I would definitely transfer a lot slower - we use 30v for 2 hours. It is entirely possible that your protein has passed through the membrane. To get over this problem I suggest using PVDF rather than NC.

but many western manual point out 0.2um NC prevent small pretein from passing through the membrane, and i can see 15kd marker clearly on the stained membrane . how to explain that


To start with, there is no such thing as complete transfer. If you call up the company (Invitrogen??) and ask them the same question, they will definetely say to you that there is a blow through right from the very first time you start the trasfer. The point is how much blow through you have. NC membranes are desinged in that way so they are more charged and give much less background. But you cannot avoid the blow through. When facing this kind of problems when you have a protein in very small percentage in your sample (as Caspase usually) it would help sometimes to change to PVDF since PVDFs tend to bind proteins stronger than NC, thus occasionally more background.

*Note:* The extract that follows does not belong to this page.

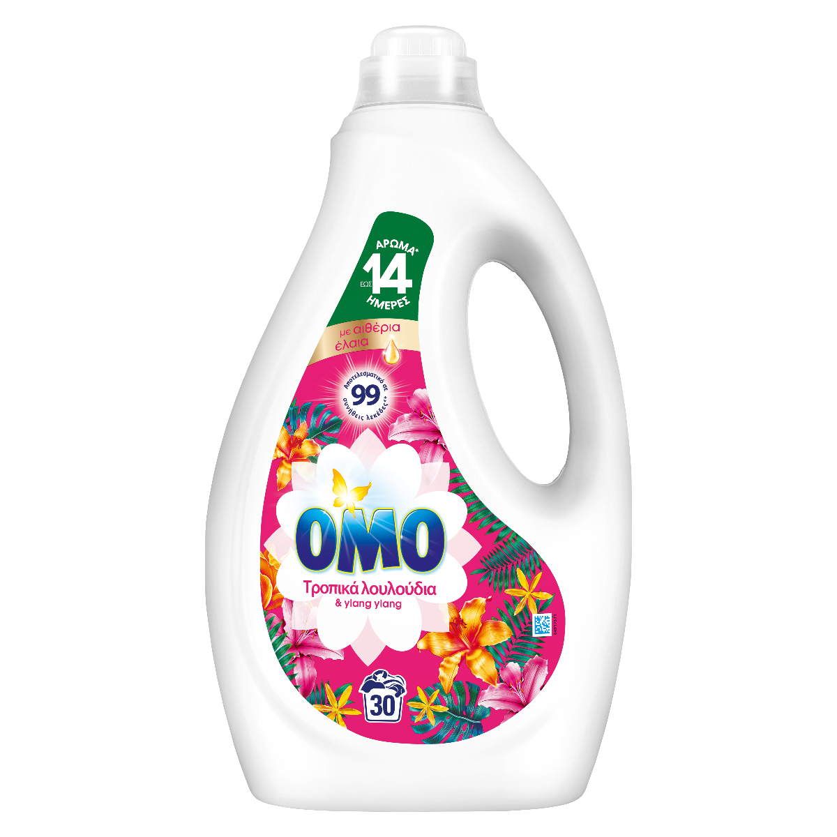 Το ΟΜΟ υγρό απορρυπαντικό για το πλυντήριο με Τροπικά Λουλούδια χαρίζει ένα άρωμα φρεσκοπλυμένου που διαρκεί έως και 14 ημέρες. Κάθε δόση χαρίζει εξαιρετική καθαριότητα, ενώ τα εμπλουτισμένα με αιθέρια έλαια αρώματα που περιέχει έχουν επιλεχτεί ειδικά για να σας προσφέρουν φρεσκάδα που διαρκεί όλη μέρα.

Now because I have worked with Caspase, this is a small protein. So the smaller the pores of the blot, the better your results. The NC that you have is ok but PVDFs with larger pores (0,4 for example) will also do. I have done this for even smaller proteins than Caspase.
The amount you are loading is ok. I would also go for 50ug per well and I have also done it in the past using PVDF membranes. Worked just fine.
Now, you are doing wet transfer i guess. I have never heard of such Voltage adjustments. Try reducing to 30 overnight or 50 for 3 hours. If you are doing semidry, then 20Volts for 45 minutes will do. Even with even 15 minutes you will see results on the blot, but only for the small proteins.
Regarding to the molecular weight markers, these are just markers. They dont necessarily behave like the proteins. Sometimes you will see them on the other side of the blot, sometimes not depending on the timeframe you run the transfer.
Stain your blot right after the transfer to see where you have what. If you do this after the blocking part and after incubating then the bands will not be as good as before blocking. Then destain your blot with TBST and continue with blocking and so on.
For me the primary from Cell signaling worked just fine. The secondy anti-rabbit worked also very nice. Somtimes the anti-goat Abs are problematic but anti-rabbit more or less ok.
Keep in touch.
Cheers.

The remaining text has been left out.